How come people find it so hard to believe Bigfoot is real?

What bothers me is that we have no trouble looking into new species based on a single photo, video, etc., but people refuse to do the same for the Sasquatch due to hoaxers.

There has been no large-scale air and land investigation to date. If they live in cave systems or in the mountains, it's not likely you'll see them often, if ever. There are many parts of the PNW that will not see more than one human a decade, if that.

Sasquatch, at least, would live in the rainforests of PNW, meaning any corpses or other biological matter would biodegrade or be eaten rapidly - wolves and cougars are more than capable of fully consuming corpses, bones included (my own dog can completely consume bones; no reason a wolf can't do the same). I never see corpses or scat from well-known species, so I'm not sure this is a valid reason to rule it out. Fossils of any species are practically impossible to come by in the PNW climate, as well.

The food thing is kind of irritating, too, as bears are pretty low impact on their environment, but are the same size (sometimes bigger) as the reported size of the Sasquatch. It could very easily be the case that we've attributed Sasquatch eating habits to bears.

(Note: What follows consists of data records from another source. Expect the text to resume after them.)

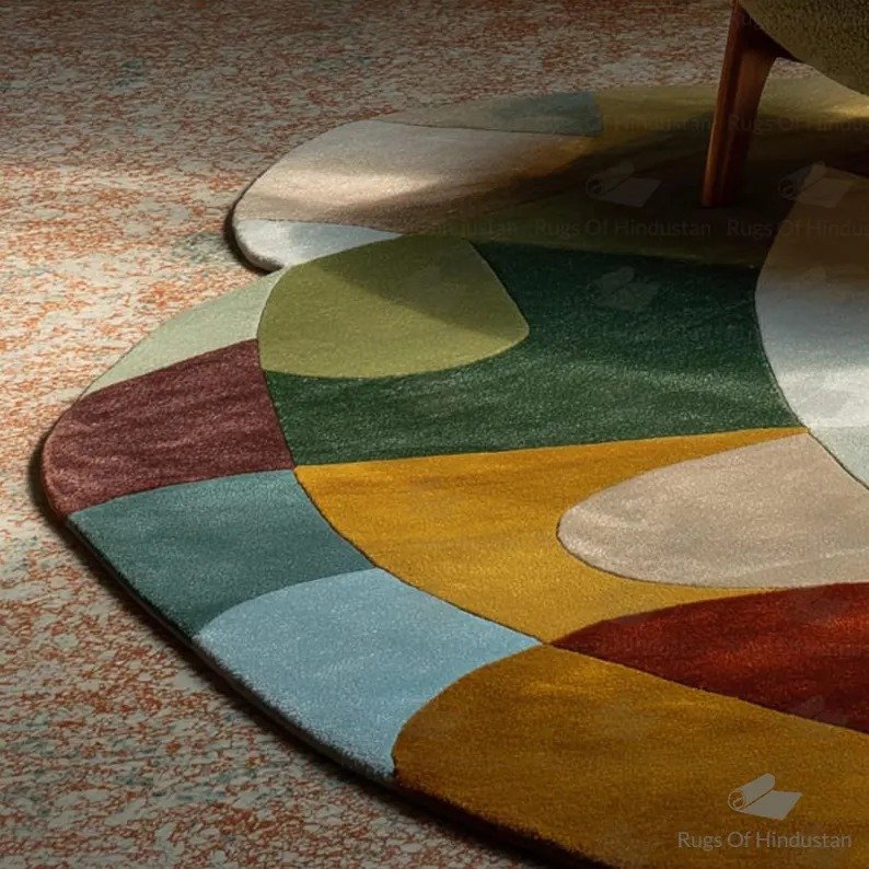 Sculptural Abstract Wool Rug – Irregular Modern Carpet in Bold Earthy Tones
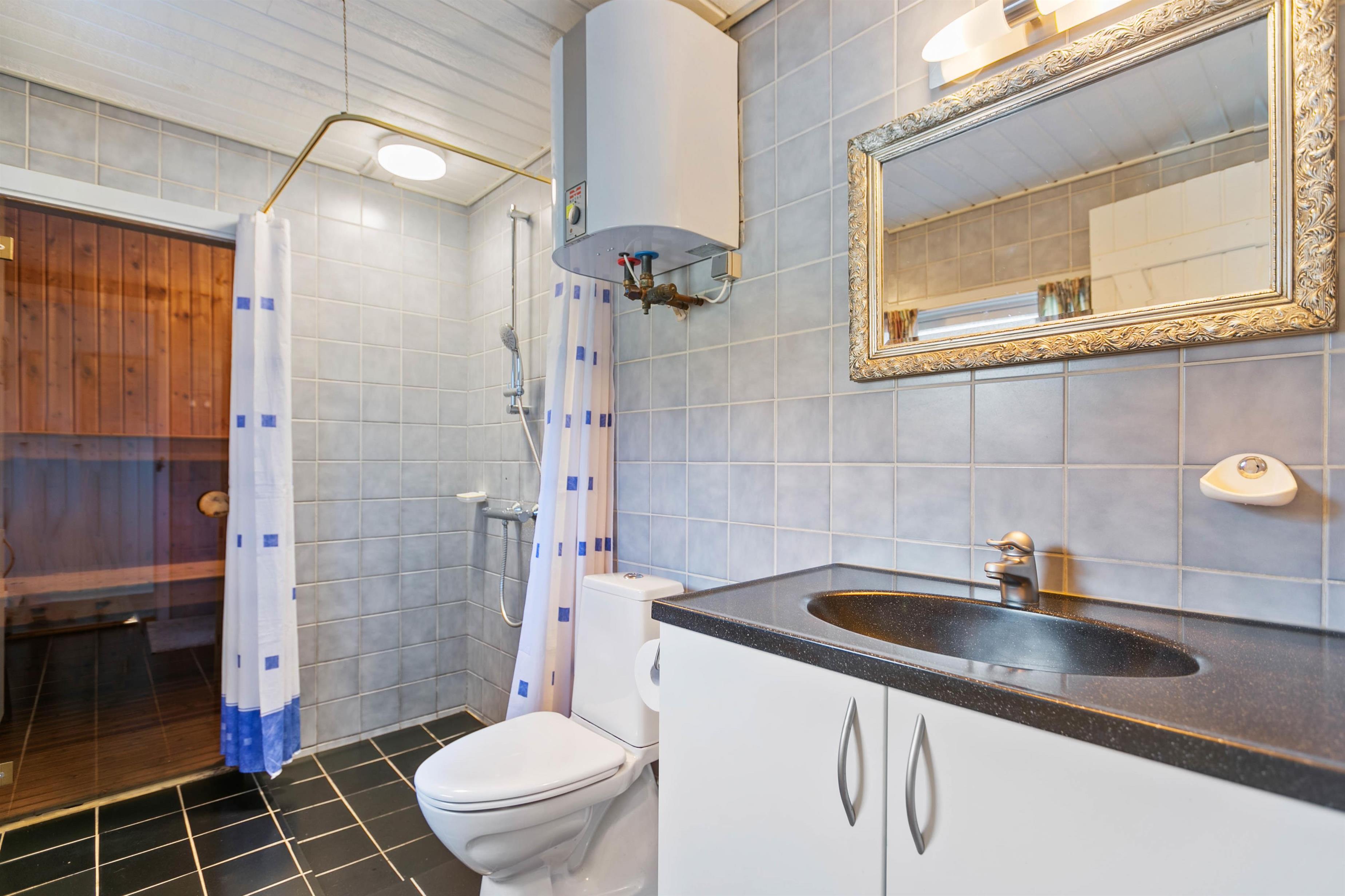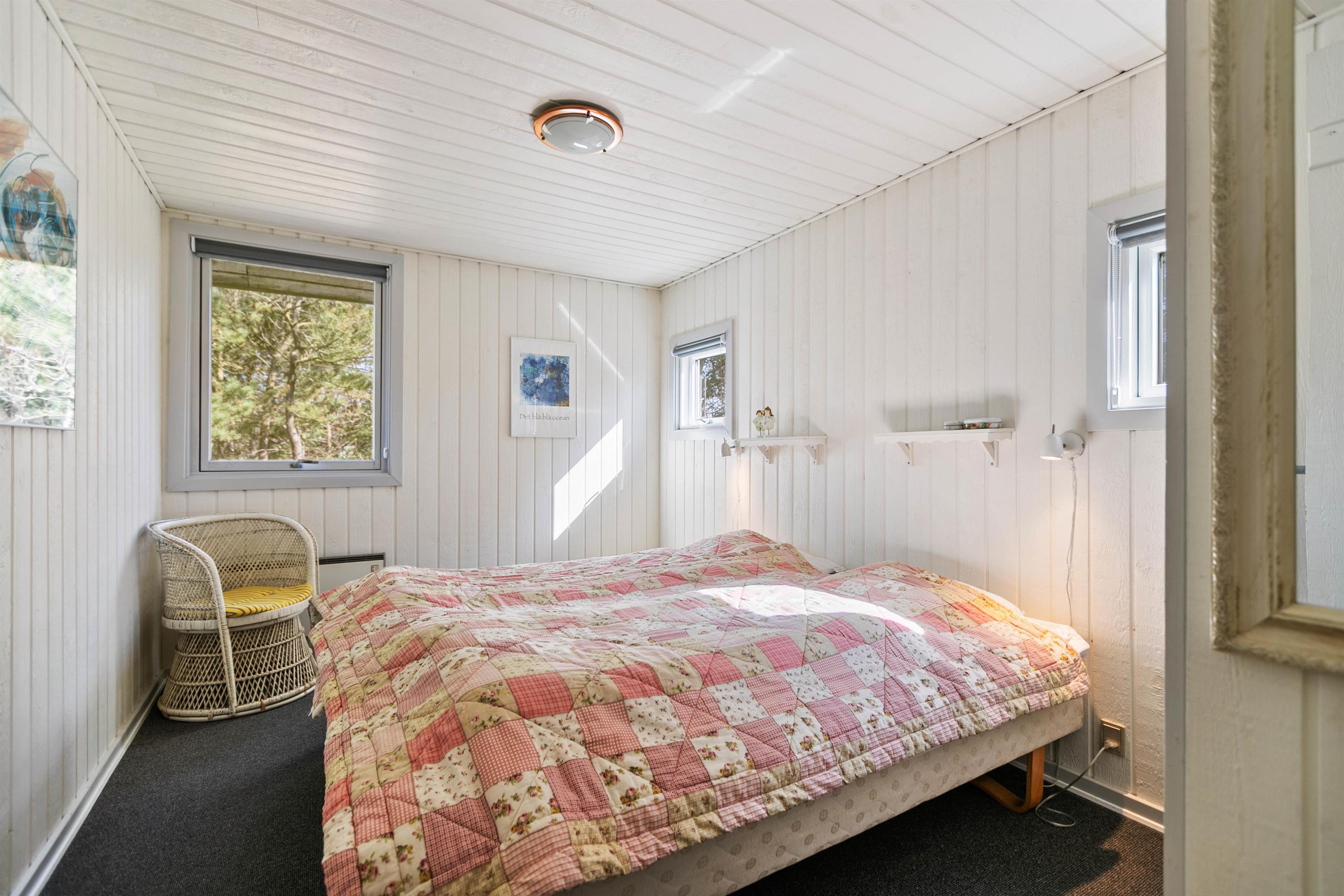 Soveværelserne er rummelige, indrettet i klassisk sommerhusstil og med dobbeltsenge og skabe der rummer god plads til jeres medbragte tøj. Fra badeværelset er der indgang til saunaen, hvor I kan tanke ny energi og blive varmet igennem, efter en dag i den friske havluft og natur.
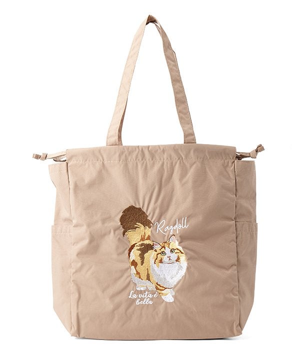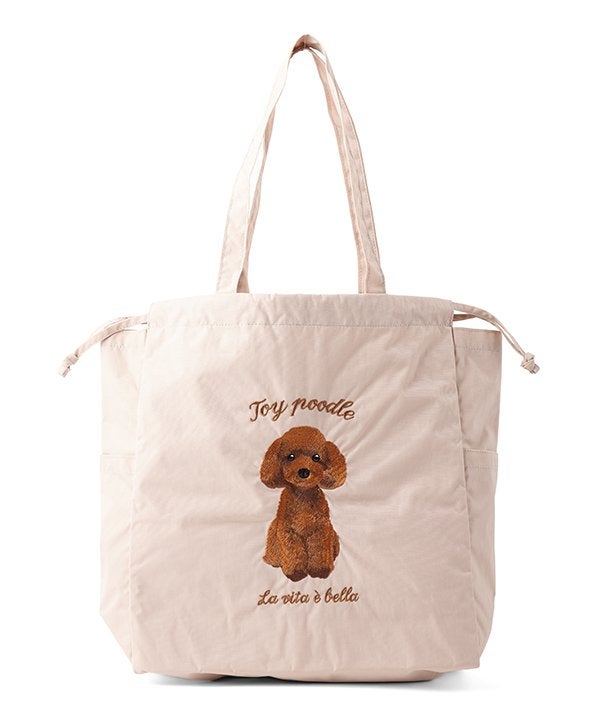 アニマル刺繍巾着トート

As for the breeding population issue - there's been tribes in the Amazon we had zero idea about until the last decade (I believe there was one found within the last five years, but don't quote me on that). If it's a hominid, there's no real reason it has to have a massive breeding population if a tribe only 20-30 people strong has existed undetected.

I'm not convinced it exists, but I also would be wholly unsurprised if it did. There's been so many reports by otherwise completely credible people whose reputations could easily be ruined by belief in such a thing that it gets pretty hard to dismiss out of hand.